■ Input for this task
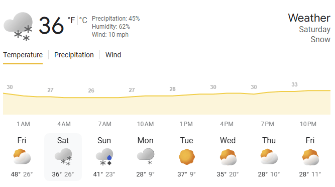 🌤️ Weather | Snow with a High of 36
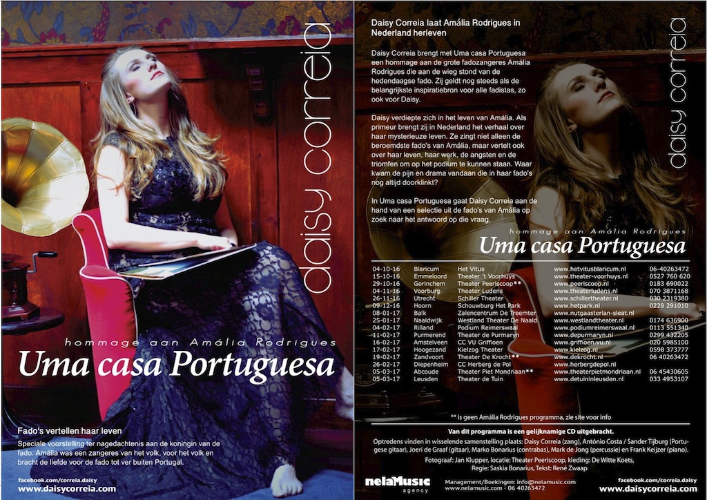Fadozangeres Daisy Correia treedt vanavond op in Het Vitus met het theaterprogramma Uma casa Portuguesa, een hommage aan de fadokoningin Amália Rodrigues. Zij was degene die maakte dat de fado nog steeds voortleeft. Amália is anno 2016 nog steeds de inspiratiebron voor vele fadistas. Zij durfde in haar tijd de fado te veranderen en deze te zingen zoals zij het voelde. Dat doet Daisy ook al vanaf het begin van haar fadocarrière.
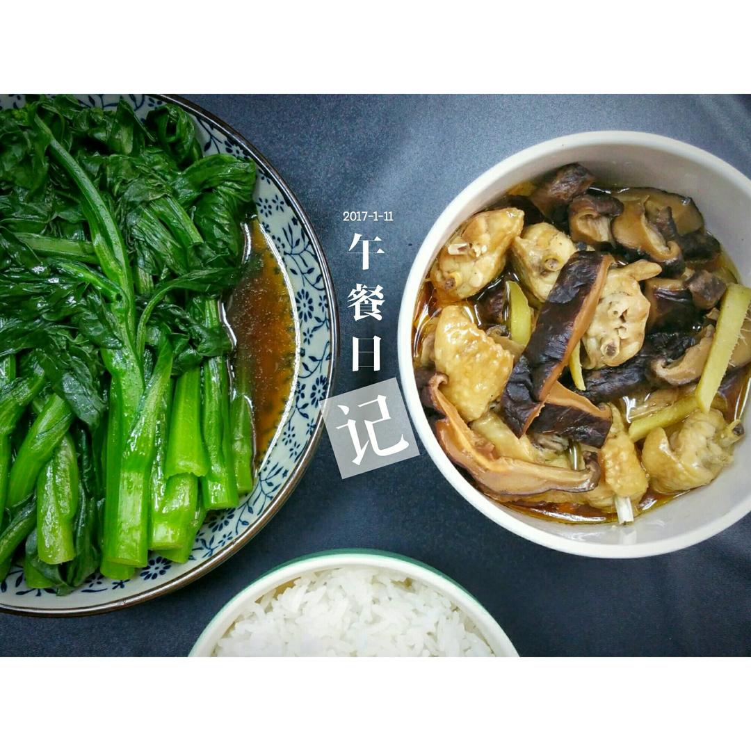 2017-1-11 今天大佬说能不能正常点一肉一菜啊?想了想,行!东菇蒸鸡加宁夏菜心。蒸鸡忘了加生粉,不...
--
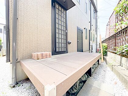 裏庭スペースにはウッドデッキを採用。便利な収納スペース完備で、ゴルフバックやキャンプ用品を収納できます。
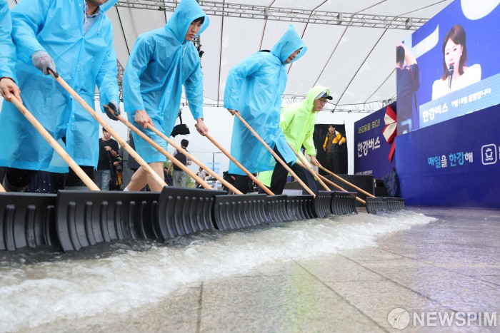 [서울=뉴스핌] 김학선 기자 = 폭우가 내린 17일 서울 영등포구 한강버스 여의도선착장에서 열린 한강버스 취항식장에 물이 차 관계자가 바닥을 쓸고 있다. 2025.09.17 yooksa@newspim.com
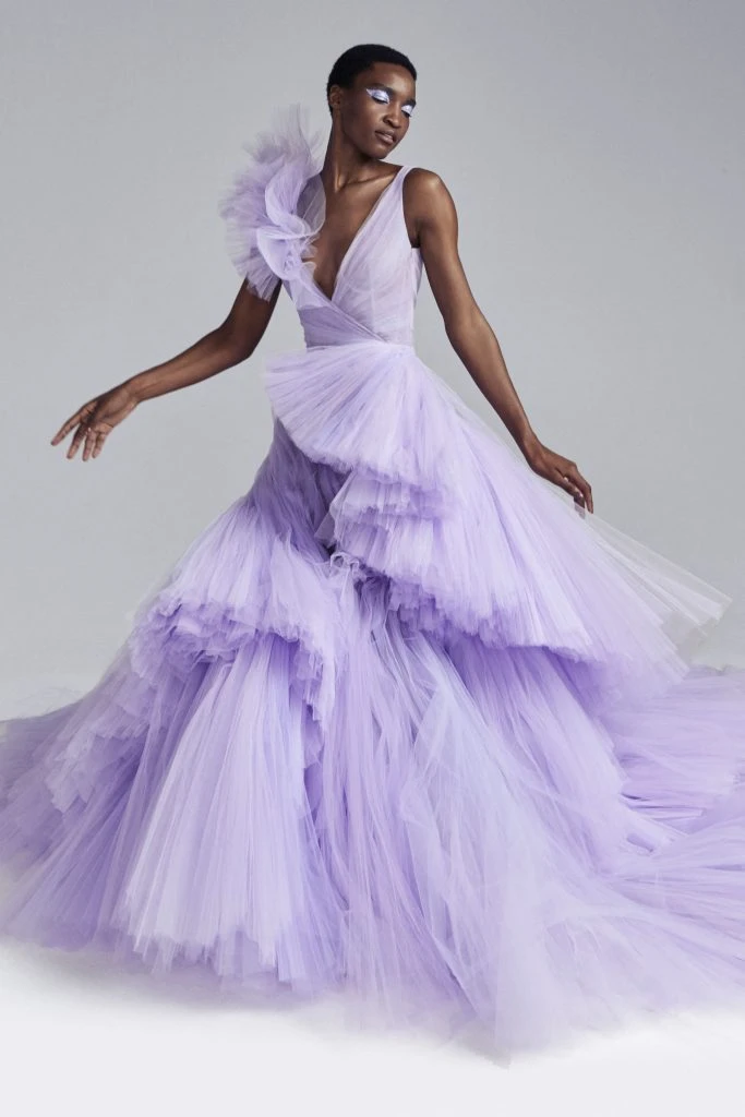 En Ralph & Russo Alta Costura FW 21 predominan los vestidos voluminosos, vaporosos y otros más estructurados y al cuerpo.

■ Work instruction
Write out again exactly the lines above from the one with "a High of 36" through the one with "2017-1-11 今天大佬", adding no other lines and no pictures.

■ Answer for the task
 🌤️ Weather | Snow with a High of 36
Fadozangeres Daisy Correia treedt vanavond op in Het Vitus met het theaterprogramma Uma casa Portuguesa, een hommage aan de fadokoningin Amália Rodrigues. Zij was degene die maakte dat de fado nog steeds voortleeft. Amália is anno 2016 nog steeds de inspiratiebron voor vele fadistas. Zij durfde in haar tijd de fado te veranderen en deze te zingen zoals zij het voelde. Dat doet Daisy ook al vanaf het begin van haar fadocarrière.
 2017-1-11 今天大佬说能不能正常点一肉一菜啊?想了想,行!东菇蒸鸡加宁夏菜心。蒸鸡忘了加生粉,不...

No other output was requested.